Conscious that circular economy will be of utmost importance in the future and as a consequence of the ongoing EU and national activities in closing post-consumer plastic waste cycles, the industry Consortium CosPaTox has been founded. CosPaTox stands for Cosmetics, Packaging and Toxicology. The goal is to accomplish the so far missing special safety standards for high-quality Post-Consumer Plastic Recyclates (PCRs) for cosmetics and other household packaging. The time frame is ambitious: within 24 months, CosPaTox intends to publish the results of this work.
CosPaTox consists of major European brand owners of the cosmetic industry, hygiene and detergents & cleaning agent sectors in cooperation with committed recycling companies, plastic manufacturers and plastic convertors which are also counted amongst the members. Moreover, scientific experts in the field of post-consumer packaging waste recycling (e.g. Fraunhofer IVV, FH Wien, Fabes) have been involved in order to implement a focussed working programme in cooperation with industry specialists from member companies.
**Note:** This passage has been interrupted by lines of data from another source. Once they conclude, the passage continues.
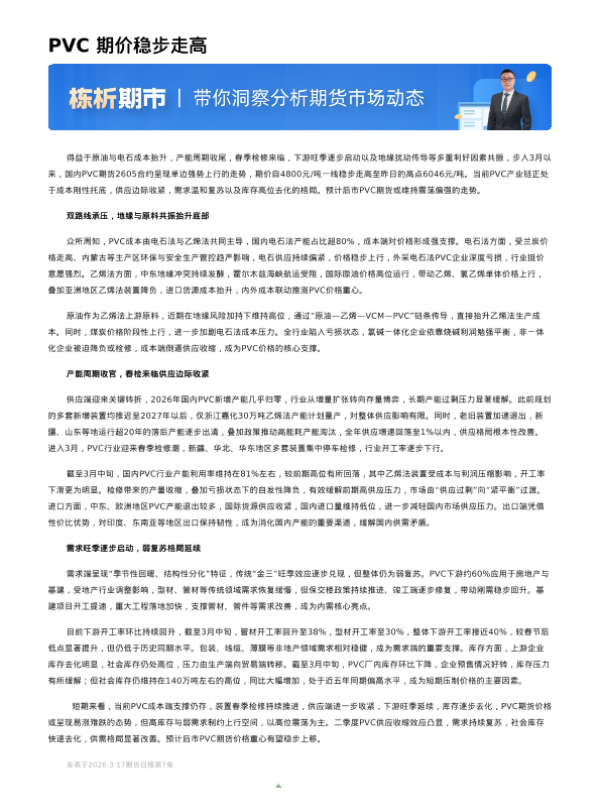 【宝城期货】【202303】PVC期价稳步走高-3页 证券期货研究报告
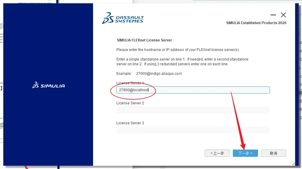 43.在License Server1处输入【27800@localhost】,点击【下一步】。
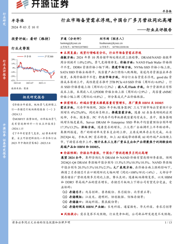 【开源证券】【20240310】半导体行业点评报告:行业市场备货需求浮现,中国台厂多月营收同比高增-13页
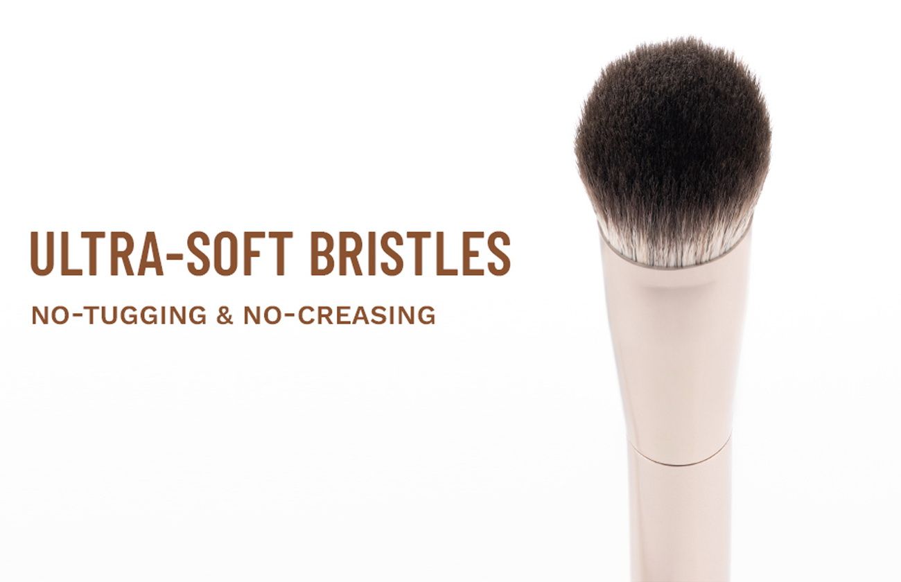 • Set Under Eyes: Gently press the brush under your eyes, focusing on areas that need setting. Use soft dabbing motions for a smooth finish.
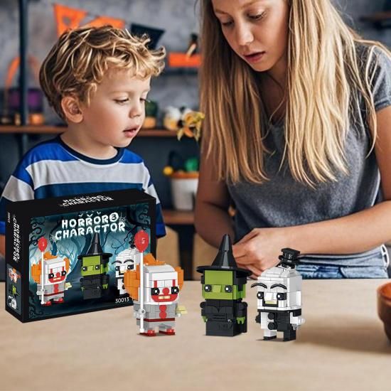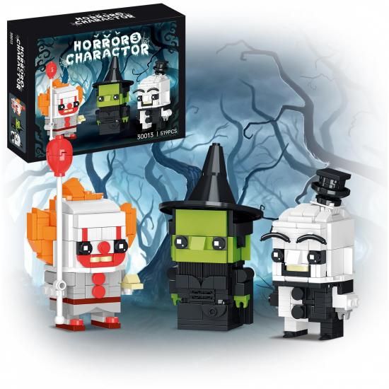 ハロウィン ホラーヘッド フィギュア 組み立てセット レゴ対応 大人用 ピエロ 魔女 ホラーデコレーション ファン用 子供用 519ピース
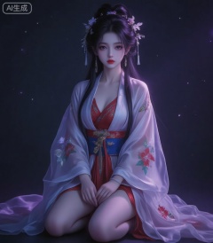 1girl, solo, looking at viewer, black hair, hair ornament, flower,parted lips, japanese clothes, hair flower, kimono,red lips,  realistic,embroidered kimono,kneeling,night,purple light

The aim is to define toxicological safety guidelines for PCRs used in cosmetics packaging, with a first focus on polyolefins (PE and PP). Three different types of packaging are in the focus of CosPaTox: cosmetics leave-on, cosmetics rinse-off and wash- and cleaning detergents. This order reflects the rising demands of recyclate quality. The whole industry will benefit from this work, including companies that have so far refrained from considering non-food PCR as a material due to the lack of toxicological evaluation and standardization.
In addition to the determination of toxicologically safe limit values, the objective also includes the generation of test and measurement methods that can be used quickly on-site by recyclers. The development of a fast analysis is considered essential for the future success of higher recycled content rates, as today it takes weeks to evaluate the recyclate quality e.g. via migration testing.
The CosPaTox Consortium is open to new members. However, active participation requires a high level of competence in the areas of toxicology as well as the production and processing of plastic recyclates to enrich the working packages. Passive participation is a welcomed option, too.
The European Commission adopted an EU Action Plan for a circular economy in 2015. Plastics have been identified as a key priority and therefore, a strategy addressing the challenges posed by plastics throughout the value chain should be prepared. Plastics are important and ubiquitous materials in today’s economy and daily lives. They have multiple functions that help tackle a number of the challenges facing our society. However, too often the way plastics are produced, used and discarded fails to capture the economic benefits of a ‘circular’ approach and harms the environment. The circular economy represents an alternative and more sustainable model to the traditional linear economy (take, make, dispose).